There were no mortalities nor DSMB-identified safety signals in the first cohort, and the DSMB recommended that the study continue as designed. Following the DSMB recommendation, the IMOH reviewed the safety data for the first cohort and provided a regulatory clearance to initiate the recruitment of patients into the two following cohorts in the study, both of which will be administered higher AllocetraTM doses – one as monotherapy and the other in combination with anti-PD1 therapy.

Oren Hershkovitz, Ph.D., CEO of Enlivex, commented, "We are pleased with the safety profile of AllocetraTM as demonstrated in the first three patients in this trial. We look forward to initiating the next two cohorts in which higher doses of AllocetraTM will be administered in patients, allowing Enlivex to obtain additional safety data as well as a potential indication of effect."

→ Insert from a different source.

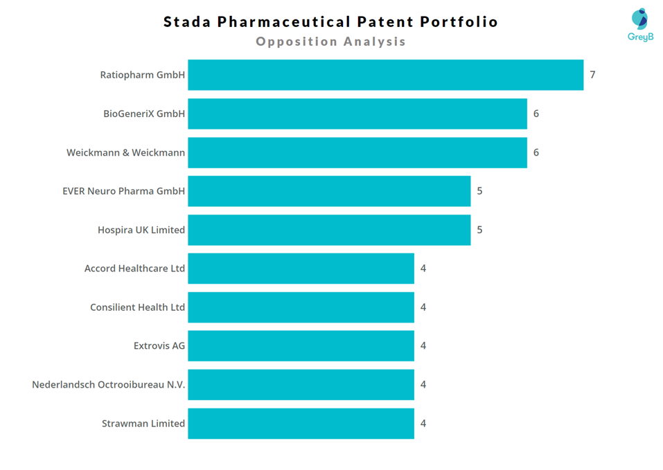Analysis of STADA’s European (EP) patent shows active opposition from multiple players, with the number of oppositions per company ranging from 4 to 7. This indicates a competitive landscape where certain patents are highly targeted, reflecting strong interest in challenging STADA’s intellectual property.
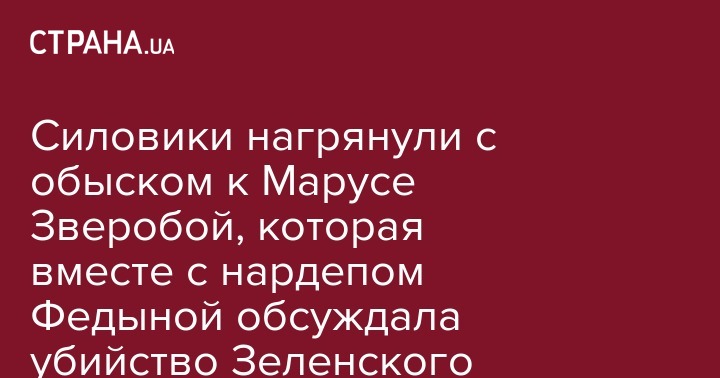 Силовики нагрянули с обыском к Марусе Зверобой, которая вместе с нардепом Федыной обсуждала убийство Зеленского

ABOUT THE PHASE I/II TRIAL

The Phase I/II trial is a multicenter, open-label, dose escalation trial that is expected to enroll up to 48 patients with advanced solid tumors across two trial stages. Stage 1 of the trial will examine escalating doses of Allocetra monotherapy administered intravenously (IV) or intraperitoneally (IP) once a week for three consecutive weeks. Stage 2 will evaluate escalating doses of Allocetra administered IV or IP and combined with anti-PD1 therapy. Patients in Stage 2 will receive three injections of Allocetra concomitantly with the studied anti-PD1 agent. The primary objective of the study is to evaluate safety and tolerability throughout the treatment period and through one week after the last administration of Allocetra. Key secondary endpoints include efficacy assessments, such as best overall response rate, progression-free survival, and overall survival. Changes in immune cell/cytokine profiling in peritoneal fluid will also be assessed as an exploratory endpoint. The study population encompasses adult patients with advanced, unresectable or metastatic solid tumors that have relapsed or have been refractory to available approved therapies, or patients who are not eligible for, or have declined additional standard-of-care systemic therapy.

ABOUT ALLOCETRA

Allocetra is being developed as a universal, off-the-shelf cell therapy designed to reprogram macrophages into their homeostatic state. Diseases such as solid cancers, sepsis, and many others reprogram macrophages out of their homeostatic state. These non-homeostatic macrophages contribute significantly to the severity of the respective diseases. By restoring macrophage homeostasis, Allocetra has the potential to provide a novel immunotherapeutic mechanism of action for life-threatening clinical indications that are defined as "unmet medical needs", as a stand-alone therapy or in combination with leading therapeutic agents.